Move Over, Diddy – Donkey Kong Almost Had His Own Racing Game

Move Over, Diddy – Donkey Kong Almost Had His Own Racing Game

A sequel to the classic Nintendo 64 game Diddy Kong Racing by the name of Donkey Kong Racing was once going to be a thing. Unfortunately for fans of the former, though, this idea would never actually see the light of day.

Details of Donkey Kong’s eponymous racing game have been all but forgotten and veiled by the mists of time, but as usual, LostMediaWiki has stepped in to save the day by providing all that we know (and probably ever will know) about the game to date. Buckle your seatbelts, kids, and get ready to take a drive down You-Probably-Didn’t-Know-This Boulevard.

The First & Only Appearance

During 2001’s E3 event a teaser trailer was shown, introducing the world to Donkey Kong Racing. The trailer portrayed a string of bonkers-looking scenarios you would expect from a Donkey Kong game, which probably got every kid (and nostalgic adult) in attendance all riled up in anticipation.

The game was being developed by Rare Ltd. (who most recently developed Sea of Thieves), and was supposedly meant to be released the following year for the Nintendo GameCube. But alas, the game’s E3 reveal was destined to be its first and only appearance in any official form. Before we get to the reasons for this, though, here’s a bit more about what we missed out on.

Animals A-Plenty

“Let’s Ride” was the game’s catchphrase. Yup, that’s pretty much what you would have been in for – a whole lot of, ahem, riding. Specifically, upon the backs of elephants, wasps, swordfish, rhinos, and a bunch of other animals. Looking at the trailer, you’ll also notice that these creatures have come straight outta the Donkey Kong Country series, featuring appearances from well-known Animal Buddies such as Ellie the Elephant, Enguarde the Swordfish, Zingers the Wasp, and Rambi the Rhino.
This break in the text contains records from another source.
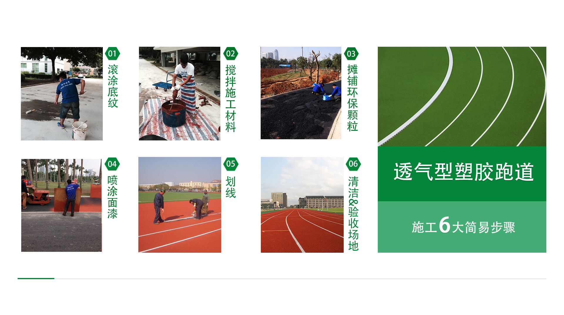 透氣型塑膠跑道由:單組份膠水,環(huán)保顆粒,跑道面漆等材料,經(jīng)過施工師傅按照規(guī)定的材料配比和施工,按標(biāo)準(zhǔn)的施工步驟制作而成。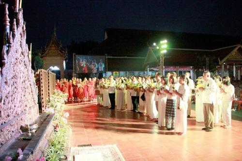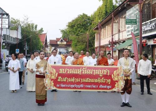 จากนั้น เวลา 19.00 น. ที่วัดพระธาตุหริภุญชัย วรมหาวิหาร ผู้ว่าราชการจังหวัดลำพูน เป็นประธานในพิธีเวียนเทียน และถวายผ้าห่มองค์พระธาตุหริภญชัย และเจดีย์ปทุมวดี "วันมาฆบูชา สืบสานตำนานสองเจดีย์" ประจำปี 2569โดยมีพระเทพรัตนนายก เจ้าคณะจังหวัดลำพูน นางณัษฐพร ชูวงศ์ นายกเหล่ากาชาดจังหวัดลำพูน นางสาวเบญจวรรณ มีเผือก รองผู้ว่าราชการจังหวัดลำพูน หัวหน้าส่วนราชการ ข้าราชการ นักเรียน ประชาชน พุทธศาสนิกชนชาวจังหวัดลำพูน นักท่องเที่ยวและหน่วยงานที่เกี่ยวข้องเข้าร่วมจำนวนมาก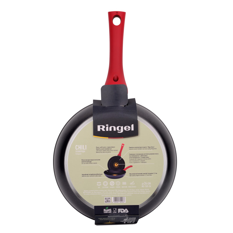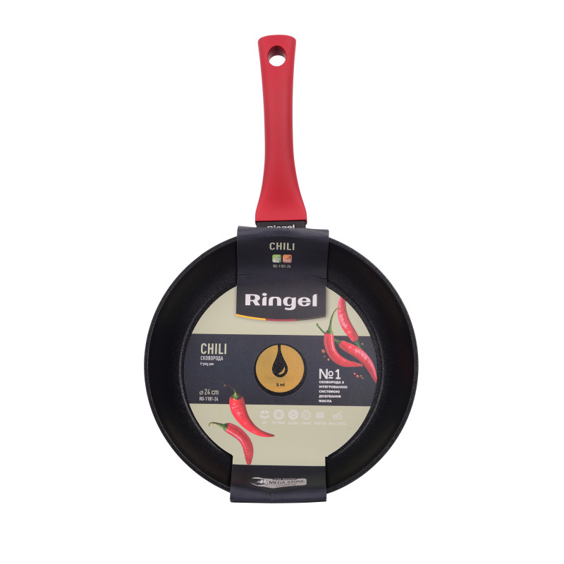 Сковороди Chili від RINGEL - це посуд, що має по-справжньому сильній характер, завдяки лаконічному дизайну і надміцному антипригарному покриттю MEGASTONE. Це покриття допускає акуратне використання, в тому числі, металевих аксесуарів протягом приготування їжі. Стандартний типорозмір сковорідок дозволяє з легкістю підібрати відповідну кришку до кожної моделі. Завдяки товстому алюмінію завтовшки 3,2 мм цей посуд ідеально підходить для приготування смачних м'ясних страв.

Check out the trailer below:

This would differ from the game’s predecessor Diddy Kong Racing – released in 1997 when it became one of the fastest-selling games of all time – in which you ride actual vehicles. Animals themselves were the next logical step, of course.

Apparently, each animal-vehicle would have their own special abilities, colors, and sizes which would affect how you could navigate your way around the game’s different tracks. So big animals like the rhino would be perfect for crashing right through obstacles, while the zippy wasps would presumably allow for easier and faster movement around obstacles.

Return Of The Kongs

As you’ve probably already gathered from the trailer, the game would have let you play as Diddy Kong, Tiny Kong, Kiddy Kong, and Donkey Kong himself. It would be reasonable to assume that other members of the Diddy Kong Racing cast would have also made an appearance, seeing as Taj the Genie also pitched up in the trailer as a playable character. Although not shown in the trailer, both Lanky Kong and Crankey Kong were also playable, as revealed by an internal render for the game.

Seeing as a multiplayer mode was intended, which would allow up to four players to take part, it seems you’d be able to race it out against each other as your favorite Kong. You’d also be able to upgrade your chosen steed to “true thoroughbred” status by picking up fruit and various other prizes for them along the way.

Rest In Peace

So why was this little charmer canned? Predictably, it was because of a money thing. Specifically, a lack of funding from Nintendo for Rare Ltd.’s project. Rare was also acquired by Microsoft in 2002 for a cool $375 million and subsequently lost the Donkey Kong IP. But weirdly enough, in 2004 Rare confirmed that it still hadn’t completely forgotten about Donkey Kong Racing. There was a bit of fine print, though:

It’s not called Donkey Kong Racing anymore, it’s not on the GameCube anymore, and by this point, I’d imagine so little of the original art and code remains that it’s barely the same game anymore, but yes it’s still coming out in some form.

This replacement game eventually took on the name of Sabreman Stampede, but in 2005 that ended up getting cancelled too.

Unfortunately, it seems as though the universe was dead set against this game ever becoming a thing, which, considering the big shoes it had to fill after Diddy’s game, is perhaps not really that big a loss. Plus, the Donkey Kong series didn’t exactly die out at this point; it still had a long road of success ahead of it.

Still, rest in peace, Donkey Kong Racing. We’re sad we didn’t get to ride with you.